(Items listed in a dataset)
_ _ _ _
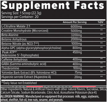 A true fully-loaded pre-workout formula offers a massive list of benefits designed to optimize your workouts. From a powerful surge of energy to push through workouts with increased stamina and intensity while minimizing fatigue to enhanced mental focus and clarity heighten concentration, ensuring a more precise and effective workout experience! But that's far from all... that's just the beginning. Fully-loaded pre-workouts also contain ingredients that greatly boost endurance and strength and help delay muscle fatigue, allowing you to achieve higher performance levels. And who can forget about the holy grail... MASSIVE muscle pumps!! Improved blood flow and oxygen delivery to muscles enhance the pump effect, nutrient supply, and recovery, sending blood surging to the muscles swelling them up like balloons!!
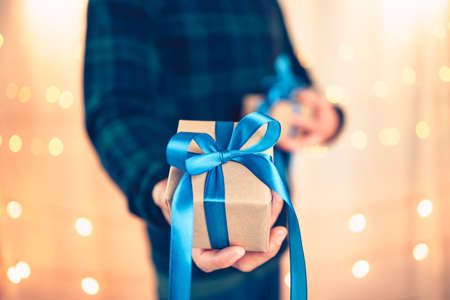 gift giving,man hand holding a gift box in a gesture of giving.blurred background,bokeh effect
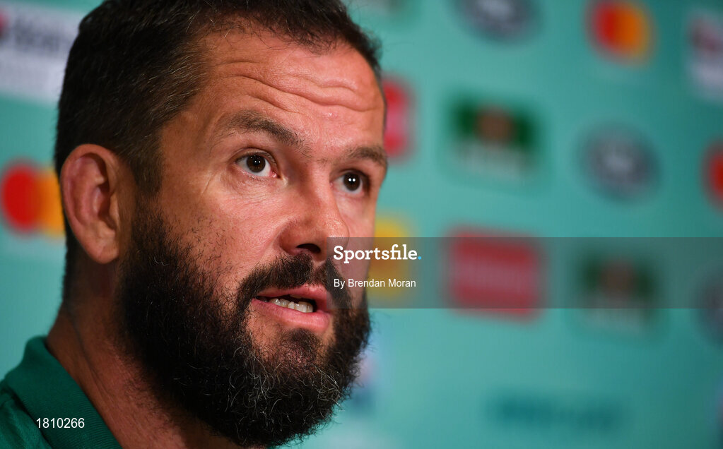 7 October 2019; Defence coach Andy Farrell during an Ireland Rugby press conference at the Grand Hyatt in Fukuoka, Japan. Photo by Brendan Moran/Sportsfile
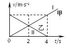 甲、乙两质点从同一地点出发沿同一直线运动,它们的速度(v-t)图象分别由图中直线I和Ⅱ表示,则两质点( )![]()
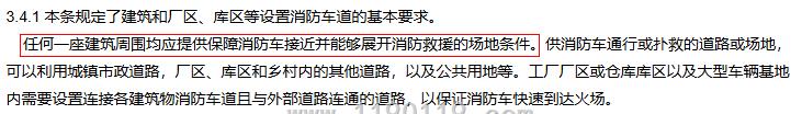 任何建筑都需要设置至少1条消防车道。占地面积小于3000㎡的多层公共建筑也必须要的。
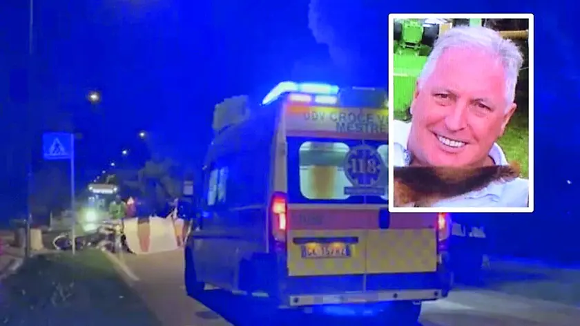 Il Suem 118 accorso sul luogo dell’incidente tra gli Alberoni e Malamocco, vicino alla fermata Actv Galla; nel riquadro, la vittima Silvio Capuzzo
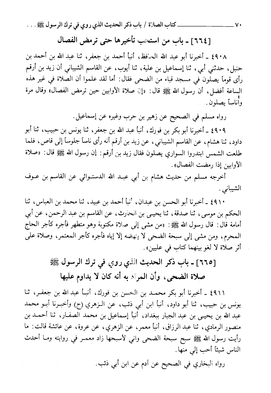 4908 - أَخْبَرَنَا أَبُو عَبْدِ اللهِ الْحَافِظُ، أنبأ أَحْمَدُ بْنُ جَعْفَرٍ، ثنا عَبْدُ اللهِ بْنُ أَحْمَدَ بْنِ حَنْبَلٍ، حَدَّثَنِي أَبِي، ثنا إِسْمَاعِيلُ بْنُ عُلَيَّةَ، ثنا أَيُّوبُ، عَنِ الْقَاسِمِ الشَّيْبَانِيِّ، أَنَّ زَيْدَ بْنَ أَرْقَمَ رَأَى قَوْمًا يُصَلُّونَ فِي مَسْجِدِ قُبَاءٍ مِنَ الضُّحَى فَقَالَ: " أَمَا لَقَدْ عَلِمُوا أَنَّ الصَّلَاةَ فِي غَيْرِ هَذِهِ السَّاعَةِ أَفْضَلُ، إِنَّ رَسُولَ اللهِ صَلَّى اللهُ عَلَيْهِ وَسَلَّمَ قَالَ: " إِنَّ §صَلَاةَ الْأَوَّابِينَ حِينَ تَرْمَضُ الْفِصَالُ ". وَقَالَ مَرَّةً وَأُنَاسًا يُصَلُّونَ. رَوَاهُ مُسْلِمٌ فِي الصَّحِيحِ عَنْ زُهَيْرِ بْنِ حَرْبٍ وَغَيْرِهِ عَنْ إِسْمَاعِيلَ
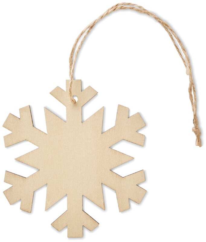 Dřevěná ozdoba ve tvaru vločky z MDF s jutovou šňůrou. MDF je přírodní materiál a proto se barevnost a tvar jednotlivých ozdob může mírně lišit.
_ _ _ _
> **WHAT IS REQUIRED**
Would you please print out all the records above exactly, minus any pictures?

> **ANSWER TO THE EXERCISE**
 A true fully-loaded pre-workout formula offers a massive list of benefits designed to optimize your workouts. From a powerful surge of energy to push through workouts with increased stamina and intensity while minimizing fatigue to enhanced mental focus and clarity heighten concentration, ensuring a more precise and effective workout experience! But that's far from all... that's just the beginning. Fully-loaded pre-workouts also contain ingredients that greatly boost endurance and strength and help delay muscle fatigue, allowing you to achieve higher performance levels. And who can forget about the holy grail... MASSIVE muscle pumps!! Improved blood flow and oxygen delivery to muscles enhance the pump effect, nutrient supply, and recovery, sending blood surging to the muscles swelling them up like balloons!!
 gift giving,man hand holding a gift box in a gesture of giving.blurred background,bokeh effect
 7 October 2019; Defence coach Andy Farrell during an Ireland Rugby press conference at the Grand Hyatt in Fukuoka, Japan. Photo by Brendan Moran/Sportsfile
 甲、乙两质点从同一地点出发沿同一直线运动,它们的速度(v-t)图象分别由图中直线I和Ⅱ表示,则两质点( )![]()
 任何建筑都需要设置至少1条消防车道。占地面积小于3000㎡的多层公共建筑也必须要的。
 Il Suem 118 accorso sul luogo dell’incidente tra gli Alberoni e Malamocco, vicino alla fermata Actv Galla; nel riquadro, la vittima Silvio Capuzzo
 4908 - أَخْبَرَنَا أَبُو عَبْدِ اللهِ الْحَافِظُ، أنبأ أَحْمَدُ بْنُ جَعْفَرٍ، ثنا عَبْدُ اللهِ بْنُ أَحْمَدَ بْنِ حَنْبَلٍ، حَدَّثَنِي أَبِي، ثنا إِسْمَاعِيلُ بْنُ عُلَيَّةَ، ثنا أَيُّوبُ، عَنِ الْقَاسِمِ الشَّيْبَانِيِّ، أَنَّ زَيْدَ بْنَ أَرْقَمَ رَأَى قَوْمًا يُصَلُّونَ فِي مَسْجِدِ قُبَاءٍ مِنَ الضُّحَى فَقَالَ: " أَمَا لَقَدْ عَلِمُوا أَنَّ الصَّلَاةَ فِي غَيْرِ هَذِهِ السَّاعَةِ أَفْضَلُ، إِنَّ رَسُولَ اللهِ صَلَّى اللهُ عَلَيْهِ وَسَلَّمَ قَالَ: " إِنَّ §صَلَاةَ الْأَوَّابِينَ حِينَ تَرْمَضُ الْفِصَالُ ". وَقَالَ مَرَّةً وَأُنَاسًا يُصَلُّونَ. رَوَاهُ مُسْلِمٌ فِي الصَّحِيحِ عَنْ زُهَيْرِ بْنِ حَرْبٍ وَغَيْرِهِ عَنْ إِسْمَاعِيلَ
 Dřevěná ozdoba ve tvaru vločky z MDF s jutovou šňůrou. MDF je přírodní materiál a proto se barevnost a tvar jednotlivých ozdob může mírně lišit.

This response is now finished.